However, having only this data and the plot above may be confusing. We are summing up all records to calculate the burnt area of each month without thinking of how balanced the data is. For example, it could be the case that we have more samples for August and September than any other months, and thus when we sum up the monthly records, their value becomes very high compared to others.

In [None]:
# Calculate how many samples we have for each month
dataFreqByMonth = (df.groupby('month').size())
# Re-index to fix the order of the months
dataFreqByMonth=dataFreqByMonth.reindex(index = ['jan', 'feb', 'mar', 'apr', 'may', 'jun', 'jul', 'aug', 'sep', 'oct',
       'nov', 'dec'])
# Print out to see how balanced the data is
dataFreqByMonth

Answer 5.1 Cont.: We can tell from the above statistics that the data acquisition is not well distributed among months. I would not conclude without having more info regarding how the acquisition is happening. If the acquisition is triggered by some set of input parameters that successfully detects the chances of fire, then this imbalanced data is representative.

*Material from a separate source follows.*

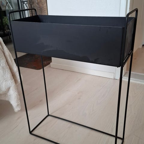 Metallinen teline (k 27.5 cm, l 15 cm, s 15 cm) muovisella ruukulla (k 10 cm, halkaisija 11.5 cm).

If this is not the case, then further processing is needed (i.e., we can plot the area per record by month).

In [None]:
sns.set(rc = {'figure.figsize':(15,8)})
sns.set_theme(style="whitegrid")
ax = sns.violinplot(x="month", y="area", data=df, gridsize=500, width=1.2, order=['jan', 'feb', 'mar', 'apr', 'may', 'jun', 'jul', 'aug', 'sep', 'oct',
       'nov', 'dec'])

Answer 5.1 Cont.: The violin plot above is fancier and requires less effort but contains more information than the barplot above. It automatically groups the data by months with simple commands and shows how the data points are distributed each month.

Question 5.2: Let's assume 'area' is our target.
How correlated are each weather/dryness-related indices to the 'area'? Also, how correlated are they to each other?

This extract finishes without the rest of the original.